In the particular problem, Strang computes the reduction $$ A = \pmatrix{1&2&2&2\\2&4&6&8\\3&6&8&10} \leadsto R = \pmatrix{1&2&0&-2\\0&0&1&2\\0&0&0&0}. $$ We can interpret the columns of $R$ as follows:

  • $(1,0,0)$: the first column of $A$ is independent from the columns that proceed it (this is always true if the first column is non-zero)
  • $(2,0,0)$: the second column of $A$ is not independent from the columns that precede it. It can be expressed as $2 \cdot [\text{pivot column 1}]$.
  • $(0,1,0)$: the third column of $A$ is independent from the columns that proceed it.
  • $(-2,2,0)$: the fourth column of $A$ is not independent from the columns that precede it. It can be expressed as $-2 \cdot [\text{pivot column 1}] + 2 \cdot [\text{pivot column 2}]$.

Here's a "proof" of this phenomenon. Note first that row-operations preserve the nullspace. That is, if $R$ is the RREF of $A$, then the solutions to $Ax = 0$ are the same as the solutions to $Rx = 0$. On the other hand, every description of a column of $R$ in terms of its other columns corresponds to an element of the nullspace of $R$. It follows that any linear relationship between the columns of $R$ must also hold for the columns of $A$.
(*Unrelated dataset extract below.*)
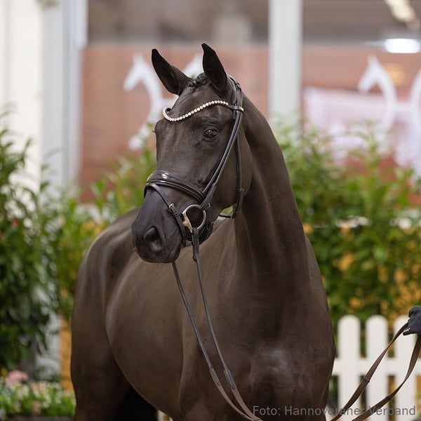 Tobitha ist ein extravaganter Dressurnachwuchs der absoluten Spitzennorm. Bewegungseleganz, hervorragende Reiteigenschaften und ihr harmonischer Habitus sprechen für sich. Bereits siegreich mit ihrer Reiterin Carolin Seifert-Miserre in Reitpferdeprüfungen, zeigt sie vielversprechendes Potenzial für die sportliche Zukunft. Aus der direkten Mutterlinie stammen u. a. die beiden gekörten Hengste Livorno v. Livaldon (DRE: S*** mit Franziska Haase) und Hampton Court v. His Highness. Sportname: Tobitha Turniererfolge: RPF: 2/1. 1. Generation Aufbauprüfungen Dressur: Van den Hoek v. Vilancio (DRE: L). Auktionspferde: HannPr Vicky v. Vilancio (VA 2020). 2. Generation Sportpferde Dressur: gek. Hengst Livorno 64 v. Livaldon (DRE: S*** mit Franziska Haase,Verden 2017,HM 2017); Usambara S v. United (DRE: M** mit Jessica Hepp); Die Eine 4 v. Dubarry (DRE: M* mit Christina Aumüller); gek. Hengst Hampton Court v. His Highness (DRE: M** mit Sabine Börker-Müller,Kreuth 2007). Aufbauprüfungen Dressur: Royal Selection 3 v. Baron (DK) (DRE: L); Lessino v. Lissaro (DRE: L); gek. Hengst Torriani 2 v. Temptation (DRE: L,Vechta 2013); gek. Hengst Fürst Bolero/von Fürst Grandios v. Fürst Grandios (DRE: L,Verden 2010,HM 2010). Besondere Sportergebnisse: StPrA Her Majesty v. His Highness (Championat f. Reitpferdeohne Mindestleistung Kat.A 2007,VA 2009,Herwart von der Decken-Schau Verden 2007); Dolores/Dolores 118 v. Davignon I (Bronze Bundeschampionat f.Reitpferde o.M. 1998,Championat für Reitpferde m.M. 1998,VA 1998: 50.000 €,Louis Wiegels-Schau Hohenhameln 1997). gekörte Hengste: gek. Hengst v. Dante Weltino (München-Riem 2019). Auktionspferde: First One v. Fürst Nymphenburg (VA 2012); Rudi v. Rousseau (ex: Rambo) (VA 2011); Sweet Choice v. Stedinger (FoVA 2006); Hamlet 65 v. Hochadel (VA 2010); Don Reena v. Donnerhall (VA 2006); gek. Hengst Desperado/Desperado 79 v. Davignon I (HM 1996); Format A.S. v. Fabriano (VA 1996). Bes. Prämientöchter: HannPr Vanadis/Vanadis 8 v. Valverde; StPr Rose Baccara v. Rousseau (ex: Rambo); StPr Rosi v. Rotspon; StPr Namibia/Namibia 3 v. Natiello; StPr Rena/Rena 53 v. Regazzoni. 3. Generation Sportpferde Dressur: Fame/Fame 119 v. Fabriano (DRE: M** mit Sieke Huth). Sportpferde Springen: Crass Clausi v. Cellestial (SPR: int. 1,40 m mit Thomas Weinberg); Checkmoon ASK v. Conthargos (SPR: int. 1,30 m mit Renee Ulvsbjerg); Cayenn Pepper Peba v. Cellestial (SPR: 1,35 m mit Rene Rückert); Cowaro Pe-Ba v. Chacco-Blue (SPR: 1,30 m mit Frieda Grieß); Werle/Werle 2 v. Werther (SPR: M mit Rückert,Rene). Aufbauprüfungen Dressur: Daturo v. Desperados (DRE: L); gek. Hengst Well-done v. Welser (DRE: L,Verden 2002,HM 2002). Aufbauprüfungen Springen: Convoi 5 v. Come and Fly (SPR: 1,30 m mit Anna-Katharina Hildebrandt); gek. Hengst Lancario v. Lancado (SPR: L,Redefin 2008); StPr Curly Joe Peba/Curley Joe Peba v. Cellestial (SPR: L). Besondere Sportergebnisse: StPr Baccarole/BACCAROLE 5 v. Bolero (Championat für Reitpferde m.M. 1990,Siegerstute Louis Wiegels-Schau Heiligenfelde 1989,Siegerstute Europaschau Brüssel 1990,Bundesschau Verden 1990,Europaschau Brüssel 1990,Bundesschau Warendorf 1994,Bundesschau Warendorf 1994,Ratje Niebuhr-Schau Verden 1994). gekörte Hengste: gek. Hengst Wunder Knabe/von Welser v. Welser (Verden 2003). Auktionspferde: What a Chance/What a chance v. Werther (FoVA 1995); Alina/Alina 78 v. Amoroso (VA 1998); Big Boy Bonito v. Borneo (VA 1996,HM 1994); Bolschoi 9 v. Bolero (VA 1994). Bes. Prämientöchter: StPr Amorosa/Amorosa 2 v. Amoroso; StPr Bajadere/BAJADERE 10 v. Bolero (Louis Wiegels-Schau Heiligenfelde 1989,Bundesschau Verden 1990,Ratje Niebuhr-Schau Verden 1994). 4. Generation Sportpferde Dressur: gek. Hengst Walhall/Walhall 5 v. Waldhorn (DRE: S mit Fratschner,Friedr.Dr.,Verden 1979,HM 1979). Sportpferde Springen: Tannenzapfen v. Tannenberg (SPR: M mit Stura,Manfred 2606). Auktionspferde: Duell 76 v. Derneburg (VA 1977). Bes. Prämientöchter: StPr Waleska v. Waldhorn (Ratje Niebuhr-Schau Verden 1985,Ratje Niebuhr-Schau Verden 1988,Louis Wiegels-Schau Heiligenfelde 1989,Bundesschau Verden 1990,Ratje Niebuhr-Schau Verden 1994). 5. Generation Sportpferde Dressur: Karajan 28 v. Sixtus (DRE: Grand Prix mit Michael Rohrmann,Dressurprüfung Kl. S*** - Grand Prix Kür - 2008,Dressurprüfung Kl. S- Grand Prix de Dressage 2007,Dressurprüfung Kl. S- Grand Prix Kür - 2006,Dressurprüfung Kl. S- Grand Prix de Dressage 2006); gek. Hengst Kasimir/Kasimir TSF v. Ivernel (DRE: int. S** mit Bernadette Brune,Deutsche Meisterschaft Junge Reiter Dressur 2011,Nationenpreis Dressur Kl.S Junge Reiter -international- 2011,Championat f. Reitpferdeohne Mindestleistung Kat.A 2005,Neumünster 2004); gek. Hengst Karolinger I/Karolinger TSF v. Latimer (DRE: S*** mit Jennifer Weber,Bundeschampionat f.Reitpferde m.M. 2005,Championat f. Reitpferdeohne Mindestleistung Kat.A 2005,Kerken 2004); StPrA Delores v. De Value (DRE: S** mit Bernd Schopf); Kiriakos TSF v. Elfado (DRE: S*** mit Kathleen Kröncke,Championat f. Reitpferde 2016,Championat f. Reitpferde 2015); Kronos 63 v. Ivanhoe (DRE: S** mit Andrea Hanisch); Küstenjunge v. Elfado (DRE: S** mit Kim-Elisabeth Bendfeldt,Deutsches Amateur-Championat Dressur 2022); Kornett/Kornett 88 v. Starway (DRE: S** mit Kim Pfeiffer); gek. Hengst Konradi/Konradi TSF v. Charly Chaplin (DRE: S** mit Peter Koch,Alsfeld 2016); Kanzler Klaus v. Hohenstein (DRE: S** mit Jürgen Böckmann); Kreon 17 v. Hamilton (DRE: S* mit Sarah Scheuermann); Sommermond/Sommermond 2 v. Sorento (DRE: S* mit Valeska Hauptmann); So Cute v. Sorento (DRE: S* mit Carina Leinemann); Weltenfürst v. Weltmeyer (DRE: S* mit Johannes Lieb); Herz Klassik v. Hertug (DRE: S* mit Meike-Kristine Pratschke); Kaspian v. King Arthur (DRE: S* mit Hannes Lütt,SPR: L,Championat f. Reitpferde 2009); Friendly Fire v. Ferragamo (DRE: S* mit Michaela Herrmann,SPR: 1,30 m mit Michaela Herrmann); Cornett 43 v. Tümmler (DRE: S mit HESSEN,HEINR.-DONATHUS V.,DM-Wert.Jun.Dress.Kl.

For example, the fact that $[\text{column 2}] = 2 \cdot [\text{column 1}]$ can be expressed as $$ 2 \cdot [\text{column 1}] - 1 \cdot [\text{column 2}] = 0 \iff R \pmatrix{2\\-1\\0\\0} = \pmatrix{0\\0\\0\\0}, $$ which is to say that $(2,-1,0,0)$ is an element of the nullspace of $R$. This means that $(2,-1,0,0)$ is also an element of the nullspace of $A$, which (if we follow our previous line of reasoning backwards) means that the columns of $A$ also satisfy the relation $[\text{column 2}] = 2 \cdot [\text{column 1}]$. Similarly, the fact that $[\text{column 4}] = -2 \cdot [\text{column 1}] + 2 \cdot [\text{column 3}]$ holds for the matrix $R$ corresponds to the fact that the vector $x = (-2,0,2,-1)$ is an element of the nullspace of $R$, which in turn implies that it is an element of the nullspace of $A$, which in turn implies that the columns of $A$ satisfy this same relation.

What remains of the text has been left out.